Saturday, June 06, 2020

Os "Boogaloos" - um movimento que complica as narrativas do que se está a passar nos EUA

[O tweet é provavelmente injusto, já que o tipo com a AR-15 provavelmente já era contra o estado policial antes]

Gun-toting members of the Boogaloo movement are showing up at protests (CNN):
Benjamin Ryan Teeter was at his home in Hampstead, N.C., when the call to action came. It was an alert from the heart of the raging protests in Minneapolis, posted on an online forum by a fellow member of the Boogaloo movement, a loosely knit group of heavily armed, anti-government extremists. (...)

After Teeter -- who goes by Ryan -- said he saw the online posting, he and a handful of other Boogaloo friends in the area mobilized. 
They grabbed their guns -- mostly assault rifles -- hopped into their vehicles, and made the 18-hour trek to Minneapolis. 
The Boogaloos are an emerging incarnation of extremism that seems to defy easy categorization. They are yet another confounding factor in the ongoing effort among local, state and federal officials to puzzle out the political sympathies of the agitators showing up to the mostly peaceful George Floyd rallies who have destroyed property, looted businesses, or -- in the case of the Boogaloos who descended on Minneapolis -- walked around the streets with assault rifles. (...)
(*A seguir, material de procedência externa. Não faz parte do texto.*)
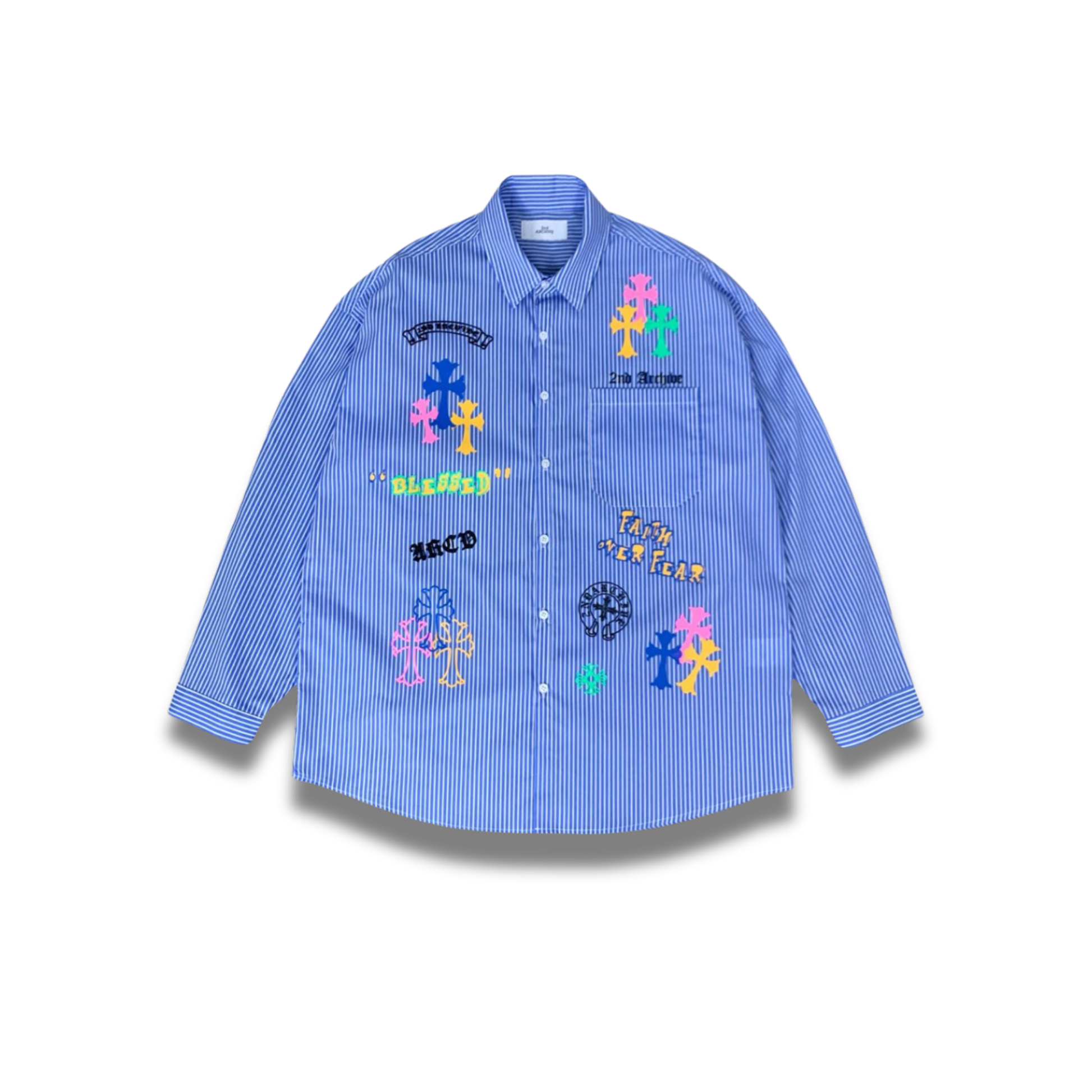 信仰とストリートの境界線を行く、2ND ARCHIVE c/o BWL STUDIO™ のアイコニックな一枚。ブルー×ホワイトのピンストライプに、ゴシック体「2nd Archive」レタリング、大型円形クロスメダリオン、ネオンカラーのクロスグラフィックが全面に散りばめられたアートピース。「FAITH OVER FEAR」「BLESSED」——着るだけでメッセージを発信する一枚。
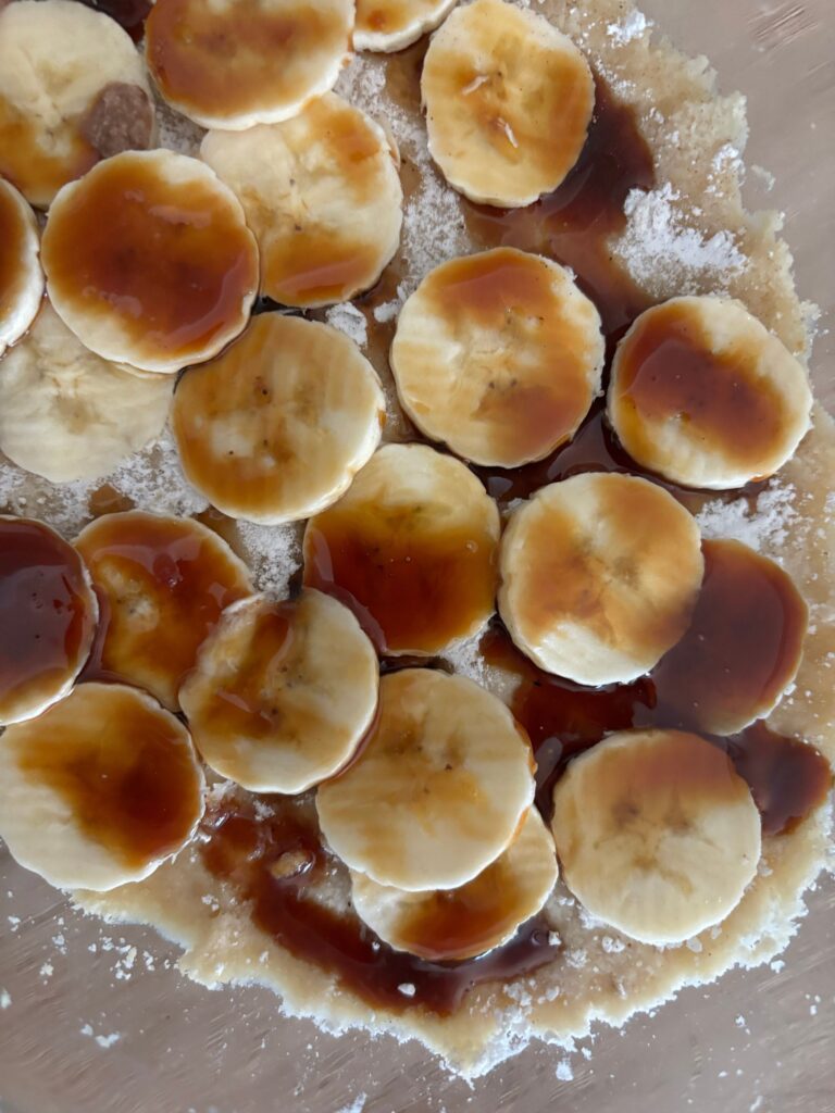 Ρίξτε στο σκεύος που θα μείνει το γλυκό 1 πακέτο αλεύρι αμυγδάλου και τη βανίλια, ανακατέψτε και ρίξτε μισό φλιτζάνι νερό αργά αργά. Η βάση θέλετε να είναι σχετικά σφιχτή να έχει υφή τάρτας. Το αλεύρι αμυγδάλου είναι ουσιαστικά αμύγδαλο τριμμένο, δεν θέλετε να γίνει αραιό καθώς δε θα ψήσουμε το γλύκισμα για να στεγνώσει. Απλώστε το ομοιόμορφα στο σκεύος και στρώστε από πάνω ροδέλες μπανάνας. Ρίξτε σιρόπι χουρμά όσο θέλετε ανάλογα με το πόσο γλυκό το θέλετε.

Megan Squire, a computer science professor at Elon University in North Carolina who monitors online extremism, said the movement started in obscure online platforms
It "is now growing on mainstream platforms, and in this moment of protest it is starting to move offline," she said. "It resembles the militia movement that came before it, which has been well documented as a force for promoting violence."
Teeter, in an interview with CNN, said he identifies as an anarchist. His mission in Minneapolis, he said, was to protect protesters from police abuse and white supremacists, whom he deplores.
Também sobre este aparentemente estranho movimento, e o seu apoio aos protestos, The Boogaloo Movement Is Not What You Think, por Robert Evans e Jason Wilson, no bellingcat.